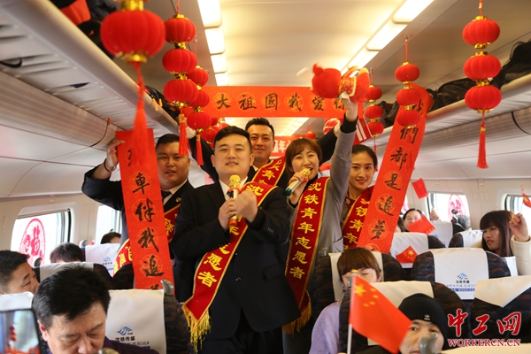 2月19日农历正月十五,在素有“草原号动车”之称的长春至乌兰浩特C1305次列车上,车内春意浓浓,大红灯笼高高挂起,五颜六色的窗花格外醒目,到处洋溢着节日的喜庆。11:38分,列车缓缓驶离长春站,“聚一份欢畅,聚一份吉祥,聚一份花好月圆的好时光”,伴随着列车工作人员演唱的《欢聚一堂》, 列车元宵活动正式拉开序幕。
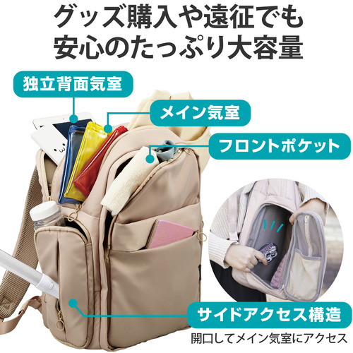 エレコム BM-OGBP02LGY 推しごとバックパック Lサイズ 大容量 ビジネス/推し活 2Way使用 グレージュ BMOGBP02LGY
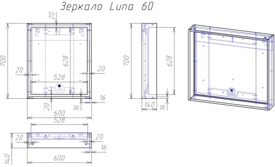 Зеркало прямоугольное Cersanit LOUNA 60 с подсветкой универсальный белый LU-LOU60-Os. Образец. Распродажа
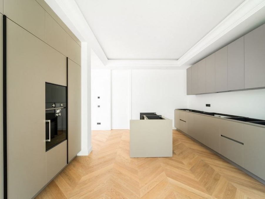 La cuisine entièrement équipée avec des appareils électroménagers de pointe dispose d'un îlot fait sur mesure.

_Aim of the task_. The lines needed are those from the one containing "Зеркало прямоугольное Cersanit" through the end of the listing, given again word for word and without any picture.

_Answer for this exercise_.
 Зеркало прямоугольное Cersanit LOUNA 60 с подсветкой универсальный белый LU-LOU60-Os. Образец. Распродажа
 La cuisine entièrement équipée avec des appareils électroménagers de pointe dispose d'un îlot fait sur mesure.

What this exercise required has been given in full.